Work task: Down to the final line, write out the material beneath exactly, without pictures.

Exercise data:
------------------------

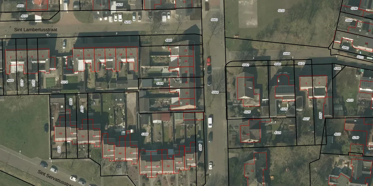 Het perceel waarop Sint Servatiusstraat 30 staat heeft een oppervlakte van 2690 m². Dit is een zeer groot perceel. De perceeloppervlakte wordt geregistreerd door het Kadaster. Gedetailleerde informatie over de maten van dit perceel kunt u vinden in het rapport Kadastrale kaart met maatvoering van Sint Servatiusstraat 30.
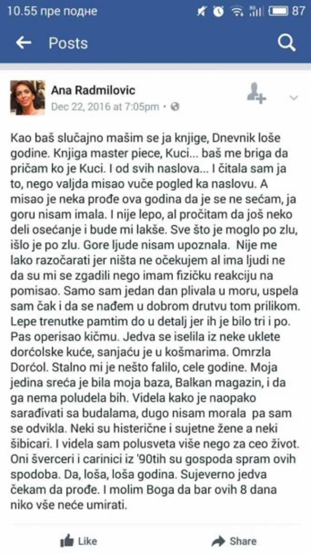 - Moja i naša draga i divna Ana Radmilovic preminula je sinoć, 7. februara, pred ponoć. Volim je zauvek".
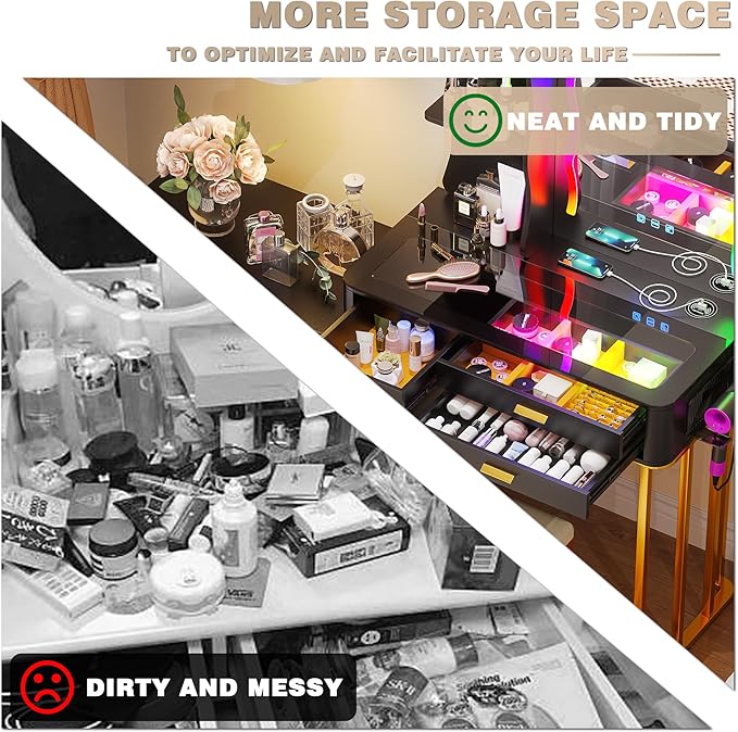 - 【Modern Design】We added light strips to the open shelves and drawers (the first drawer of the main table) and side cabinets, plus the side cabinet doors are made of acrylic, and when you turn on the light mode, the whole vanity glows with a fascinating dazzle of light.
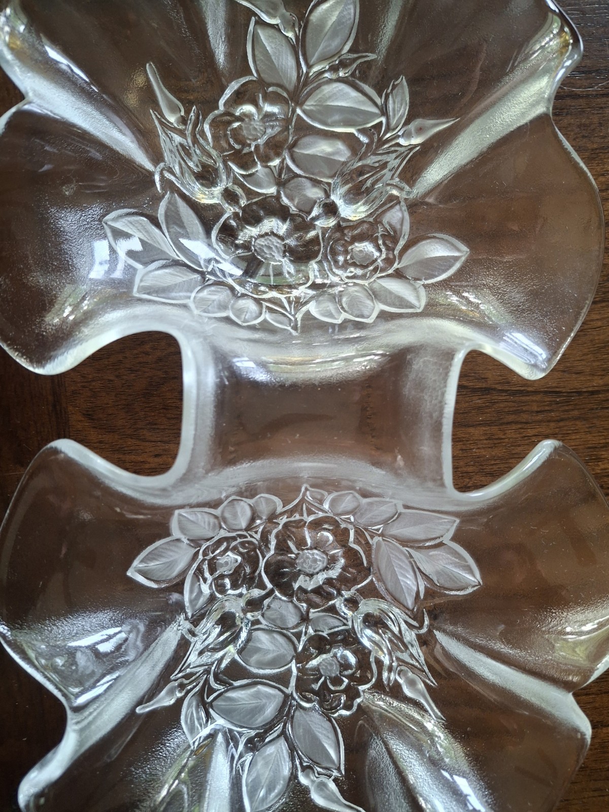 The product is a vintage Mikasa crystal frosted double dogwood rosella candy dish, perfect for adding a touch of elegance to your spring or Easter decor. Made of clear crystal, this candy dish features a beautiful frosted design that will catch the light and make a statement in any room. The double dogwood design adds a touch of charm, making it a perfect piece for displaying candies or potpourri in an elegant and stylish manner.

------------------------

Reply to the task:
 Het perceel waarop Sint Servatiusstraat 30 staat heeft een oppervlakte van 2690 m². Dit is een zeer groot perceel. De perceeloppervlakte wordt geregistreerd door het Kadaster. Gedetailleerde informatie over de maten van dit perceel kunt u vinden in het rapport Kadastrale kaart met maatvoering van Sint Servatiusstraat 30.
 - Moja i naša draga i divna Ana Radmilovic preminula je sinoć, 7. februara, pred ponoć. Volim je zauvek".
 - 【Modern Design】We added light strips to the open shelves and drawers (the first drawer of the main table) and side cabinets, plus the side cabinet doors are made of acrylic, and when you turn on the light mode, the whole vanity glows with a fascinating dazzle of light.
 The product is a vintage Mikasa crystal frosted double dogwood rosella candy dish, perfect for adding a touch of elegance to your spring or Easter decor. Made of clear crystal, this candy dish features a beautiful frosted design that will catch the light and make a statement in any room. The double dogwood design adds a touch of charm, making it a perfect piece for displaying candies or potpourri in an elegant and stylish manner.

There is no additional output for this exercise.